TSKJ is a private limited liability company registered in Madeira, Portugal whose members are Technip SA of France, Snamprogetti Netherlands B.V. (a subsidiary of Saipem SpA of Italy), JGC Corporation of Japan, and Kellogg Brown & Root LLC (a subsidiary of KBR), each of which had an approximate 25% interest in the venture.  TSKJ and other similarly owned entities entered into various contracts to build and expand the liquefied natural gas project for Nigeria LNG Limited, which is owned by the Nigerian National Petroleum Corporation, Shell Gas B.V., Cleag Limited (an affiliate of Total), and Agip International B.V. (an affiliate of ENI SpA of Italy).
DOJ and SEC investigations resolved.  In February 2009, the FCPA investigations by the DOJ and the SEC were resolved with respect to KBR and us.  The DOJ and SEC investigations resulted from allegations of improper payments to government officials in Nigeria in connection with the construction and subsequent expansion by TSKJ of a multibillion dollar natural gas liquefaction complex and related facilities at Bonny Island in Rivers State, Nigeria.
The DOJ investigation was resolved with respect to us with a non-prosecution agreement in which the DOJ agreed not to bring FCPA or bid coordination-related charges against us with respect to the matters under investigation, and in which we agreed to continue to cooperate with the DOJ’s ongoing investigation and to refrain from and self-report certain FCPA violations.  The DOJ agreement does not provide a monitor for us.
As part of the resolution of the SEC investigation, we have retained an independent consultant to conduct a 60-day review and evaluation of our internal controls and record-keeping policies as they relate to the FCPA, and we will adopt any necessary anti-bribery and foreign agent internal controls and record-keeping procedures recommended by or agreed upon with the independent consultant. In 2010, the independent consultant will perform a 30-day, follow-up review to confirm that we have implemented the recommendations and continued the application of our current policies and procedures.
KBR has agreed that our indemnification obligations with respect to the DOJ and SEC FCPA investigations have been fully satisfied.
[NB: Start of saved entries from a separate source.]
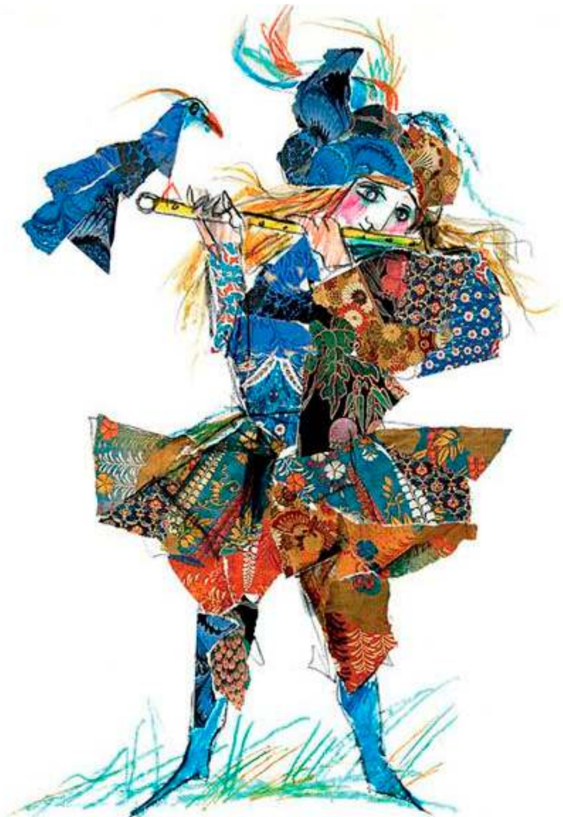
Tamino. Ilustración de Emanuele Luzzati
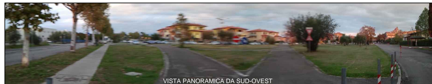
VISTA PANORAMICA DA SUD-OVEST
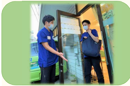
① 玄関前までお迎え
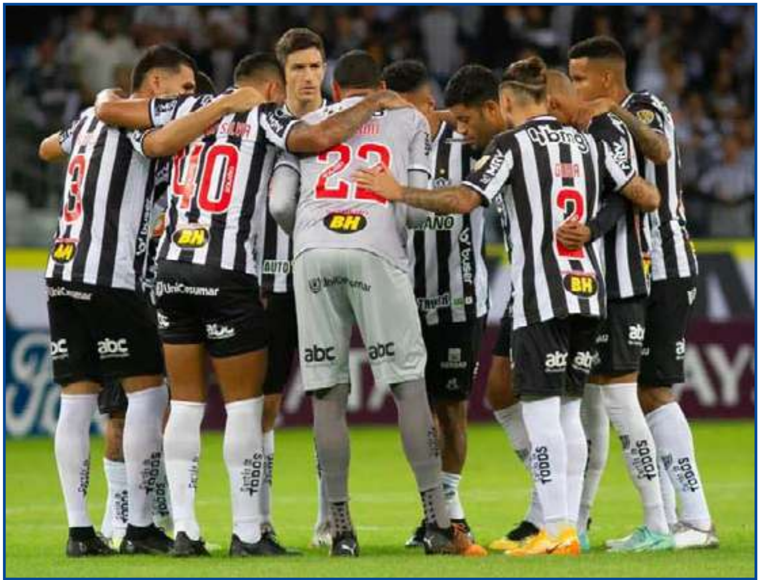
Galo apanhou do Flu no meio de semana

Na lateral esquerda, Arana está de volta da seleção.

Other matters.  In addition to the DOJ and the SEC investigations, we are aware of other investigations in France, Nigeria, United Kingdom, and Switzerland regarding the Bonny Island project.
The settlements and the other ongoing investigations could result in third-party claims against us, which may include claims for special, indirect, derivative or consequential damages, damage to our business or reputation, loss of, or adverse effect on, cash flow, assets, goodwill, results of operations, business prospects, profits or business value or claims by directors, officers, employees, affiliates, advisors, attorneys, agents, debt holders, or other interest holders or constituents of us or our current or former subsidiaries.
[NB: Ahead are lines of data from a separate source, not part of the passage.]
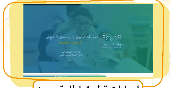
إجراءات تطبيق إطار تحسين التدريس بإدارات التعليم
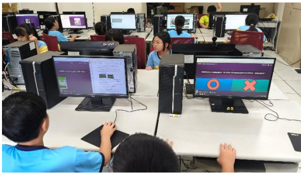
餐前 5 分鐘主題小測驗
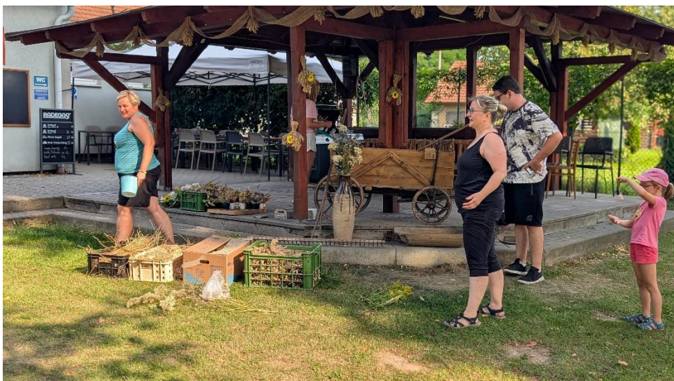
Výzdoba altánu U Kremlí
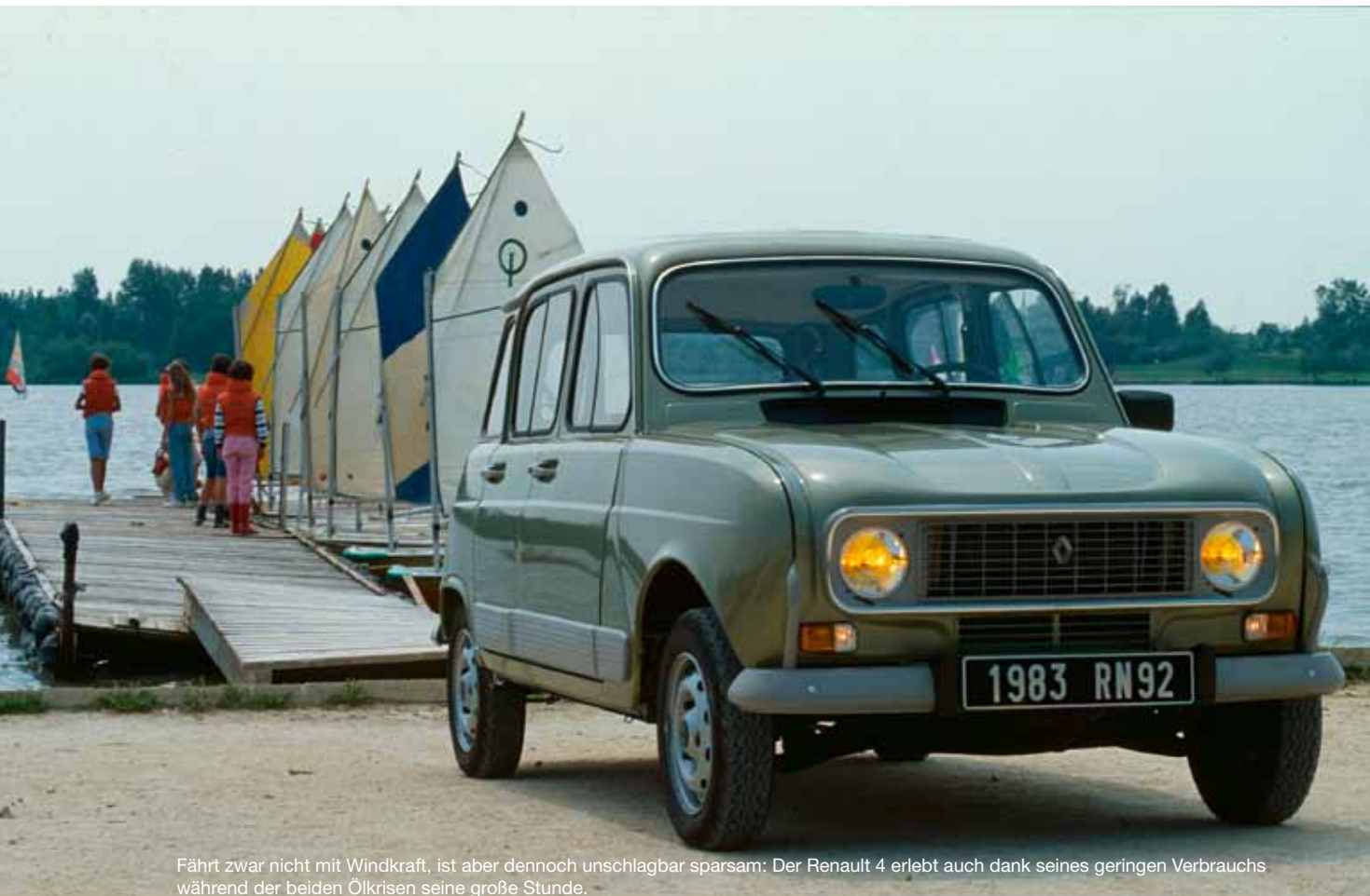
Fährt zwar nicht mit Windkraft, ist aber dennoch unschlagbar sparsam: Der Renault 4 erlebt auch dank seines geringen Verbrauchs während der beiden Ölkrisen seine große Stunde.

Doch damit ist die Renault 4 Story noch lange nicht zu Ende. Auch zwei Jahrzehnte später lebt der fortschrittliche Franzose fröhlich weiter, jetzt oft aufwendig restauriert und sogar mit einem geregelten Katalysator für optimale Abgasreinigung bestückt. Er macht auf Oldtimer-Fernfahrten ebenso eine gute Figur wie bei der strapaziösen 4L Trophy von Paris nach Marrakesh. In jedem Fall erweist er sich als alltagstauglich, leicht zu reparieren und günstig zu unterhalten – wie vor 50 Jahren.
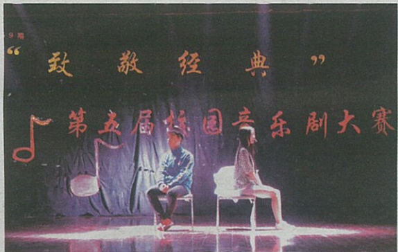
“人鬼情未了”节目现场

时光如东流逝水，一路向前，但我们终会在不经意间静默回首，与经典翩然相遇，与爱深深对视。走在自己的人生路上，我们曾被指教：读万卷书不如行千里路，行千里路不如阅人无数，阅人无数不如名师指路。所谓经典，就是历久弥新，经久不衰的东西。所以，让我们一起回顾经典，体味其中深意。

Our indemnity of KBR continues with respect to other investigations within the scope of our indemnity. Our indemnification obligation to KBR does not include losses resulting from third-party claims against KBR, including claims for special, indirect, derivative or consequential damages, nor does our indemnification apply to damage to KBR’s business or reputation, loss of, or adverse effect on, cash flow, assets, goodwill, results of operations, business prospects, profits or business value or claims by directors, officers, employees, affiliates, advisors, attorneys, agents, debt holders, or other interest holders or constituents of KBR or KBR’s current or former subsidiaries.
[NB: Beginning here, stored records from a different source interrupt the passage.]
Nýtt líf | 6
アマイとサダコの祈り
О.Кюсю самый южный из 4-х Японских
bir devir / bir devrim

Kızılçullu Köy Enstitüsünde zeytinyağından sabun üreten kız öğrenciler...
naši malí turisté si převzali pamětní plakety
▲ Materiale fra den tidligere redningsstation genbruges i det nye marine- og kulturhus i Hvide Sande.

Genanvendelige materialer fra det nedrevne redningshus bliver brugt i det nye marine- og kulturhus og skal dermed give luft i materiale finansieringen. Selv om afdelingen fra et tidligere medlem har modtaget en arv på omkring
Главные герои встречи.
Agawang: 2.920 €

At this time, no claims by governmental authorities in foreign jurisdictions have been asserted against KBR.  Therefore, we are unable to estimate the maximum potential amount of future payments that could be required to be made under our indemnity to KBR related to these matters. See Note 2 for additional information.

 
10

 

Barracuda-Caratinga arbitration
We also provided indemnification in favor of KBR under the master separation agreement for all out-of-pocket cash costs and expenses (except for legal fees and other expenses of the arbitration so long as KBR controls and directs it), or cash settlements or cash arbitration awards, KBR may incur after November 20, 2006 as a result of the replacement of certain subsea flowline bolts installed in connection with the Barracuda-Caratinga project.  Under the master separation agreement, KBR currently controls the defense, counterclaim, and settlement of the subsea flowline bolts matter.  As a condition of our indemnity, for any settlement to be binding upon us, KBR must secure our prior written consent to such settlement’s terms.  We have the right to terminate the indemnity in the event KBR enters into any settlement without our prior written consent.  Our estimation of the indemnity obligation regarding the Barracuda-Caratinga arbitration is recorded as a liability in our condensed consolidated financial statements as of March 31, 2009 and December 31, 2008.  See Note 2 for additional information regarding the KBR indemnification.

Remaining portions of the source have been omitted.